Cylindrical Doubles

The basic premise of Cylindrical is that each bell keeps ringing at a constant speed. Of course, if those speeds are the same for every bell, you'd stay in rounds. However, like Plain Hunt, the rule is that odd numbered bells hunt out (i.e. always ringing slowly) and even numbered bells hunt in (i.e. always ringing quickly). So the treble starts off like this:

1 2 3 4 5
  1      
    1    
      1  
        1

Note that in rounds, ignoring the handstroke gap for now, the treble rings every five blows. But here, it rings one place later in each change, i.e. ringing every six blows, slower than it would ring in rounds. So where will it ring next? Six blows later again takes us past the next row and into the lead in the row after that.

1 2 3 4 5
  1      
    1    
      1  
        1
         
1        

And then it carries on at that speed, hunting up again.

1 2 3 4 5
  1      
    1    
      1  
        1
         
1        
  1      
    1    
      1  
        1

Now, what about the even bells? How about the 4th? It starts off normally:

1 2 3 4 5
    4    
  4      
4        

As we know, it's ringing more quickly than it would in rounds, in order to ring one place earlier in each row. It rings every 4 blows. So where does it ring next? 4 blows later would put it in 5ths place, i.e. ringing twice in the same row. And then it, too, carries on hunting in.

1 2 3 4 5
    4    
  4      
4       4
      4  
    4    
  4      

So, does this plan fit together? It seems very odd, some bells missing out rows, while others can ring twice in the same row. So far we've got:

1 2 3 4 5
  1 4    
  4 1    
4     1 4
      4 1
    4    
1 4      
4 1     4
    1 4  
    4 1  
  4     1
4       4
1     4  

The 2, being an even numbered bell, must, like the 4th, ring quickly, hunting in.

1 2 3 4 5
2 1 4   2
  4 1 2  
4   2 1 4
  2   4 1
2   4   2
1 4   2  
4 1 2   4
  2 1 4  
2   4 1 2
  4   2 1
4   2   4
1 2   4  

The 3rd is an odd numbered bell, so it hunts out, ringing slowly, every six blows:

1 2 3 4 5
2 1 4 3 2
  4 1 2 3
4   2 1 4
3 2   4 1
2 3 4   2
1 4 3 2  
4 1 2 3 4
  2 1 4 3
2   4 1 2
3 4   2 1
4 3 2   4
1 2 3 4  

And, finally, the 5th, also being odd-numbered, hunts out too.

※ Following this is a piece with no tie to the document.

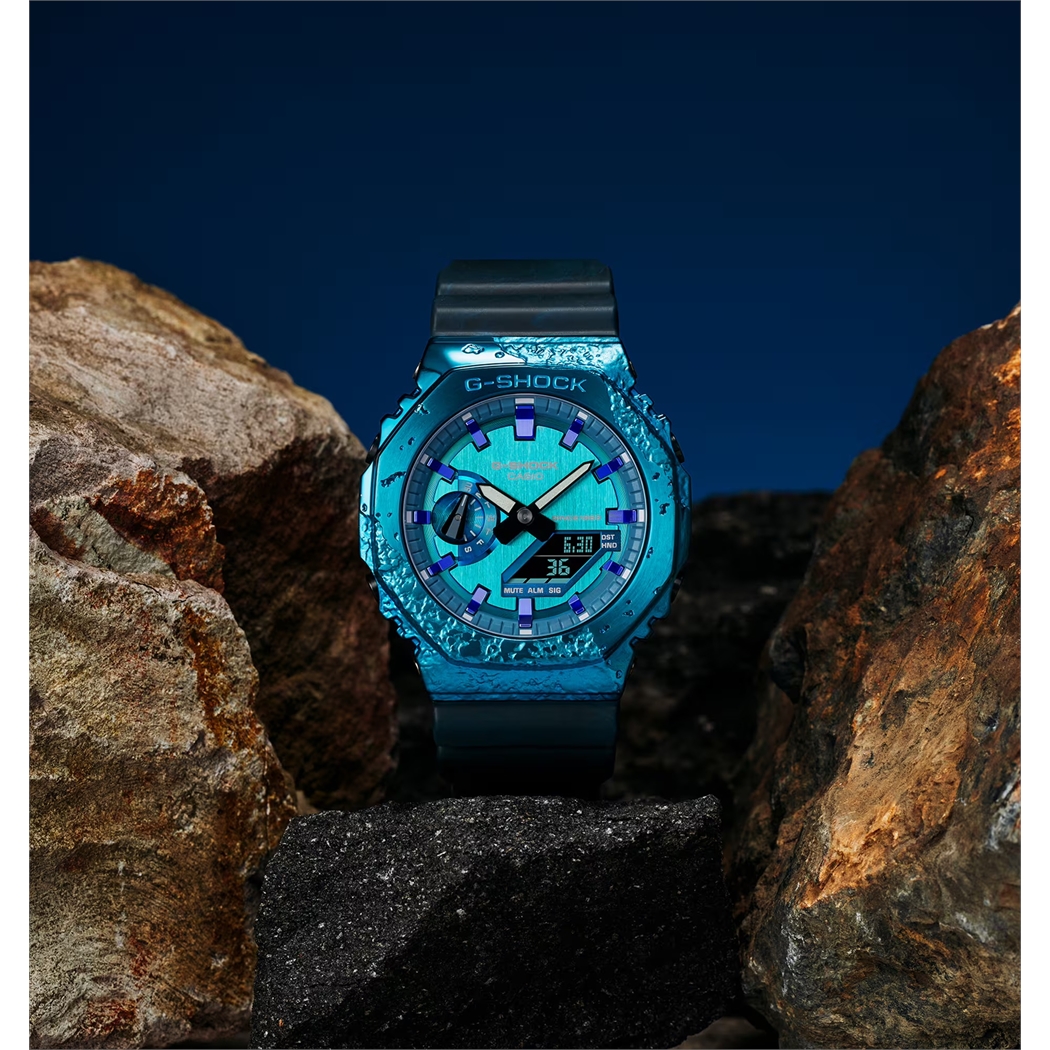 G-SHOCK 40. Yıl Dönümü Adventurer's Stone sınırlı üretim | Antik çağlarda denizcilerin yolunu bulmak için kullandığı minerallerin özel renkleri, her metal çerçeveye eşsiz bir görünüm kazandıran dövme, iyon kaplama ve maskeleme işlemleriyle tasarlanmış

So in fact it doesn't ring in the first row!

1 2 3 4 5
2 1 4 3 2
5 4 1 2 3
4 5 2 1 4
3 2 5 4 1
2 3 4 5 2
1 4 3 2 5
4 1 2 3 4
5 2 1 4 3
2 5 4 1 2
3 4 5 2 1
4 3 2 5 4
1 2 3 4 5

So, yes, it does all fit together. And, after 12 rows, they're back in rounds. So that's the end of that. We just pause to note that the bells haven't all rung the same number of times. The treble, 3rd and 5th, at their slower rate, have each rung 10 times, while the 2nd and 4th have each rung 15 times, as they are each ringing more quickly.

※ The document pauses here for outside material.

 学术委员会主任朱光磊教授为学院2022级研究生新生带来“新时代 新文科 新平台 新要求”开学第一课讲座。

But, hang on a minute... You've noticed, haven't you?

In the final rounds, the treble, 3rd and 5th must be at backstroke, having rung 10 times, while the other bells are at handstroke, as they rang 15 times. The strokes go strange right from the first row, in which the 2nd rings both at handstroke (in lead) and at backstroke (in 5ths place).

If we colour the handstroke blows as red, we can see more clearly, as well as be able to see some interesting patterns.

1 2 3 4 5
2 1 4 3 2
5 4 1 2 3
4 5 2 1 4
3 2 5 4 1
2 3 4 5 2
1 4 3 2 5
4 1 2 3 4
5 2 1 4 3
2 5 4 1 2
3 4 5 2 1
4 3 2 5 4
1 2 3 4 5

If you carry on, you should find that after 24 changes, we do get all the bells at backstroke.

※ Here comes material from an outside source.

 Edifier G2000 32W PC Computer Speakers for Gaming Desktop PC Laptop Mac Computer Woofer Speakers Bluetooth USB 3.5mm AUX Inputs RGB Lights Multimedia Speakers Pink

But, you could argue that it comes round after at the end of the 4th row, where you get all the bells, in order, wrapping into the 5th row...

And why is it called Cylindrical? I think it's because bells don't confine themselves to one row, but go out of the front and back of the rows, joining up with other rows. So, rather than printing the diagram in 2 dimensions, as above, it perhaps makes more sense cut out, wrapped round and taped together, to make a cylinder. You can see the lines hunting up and down are much clearer:

Finally, does it work on 6? Does it work on 7? How long is the plain course this time?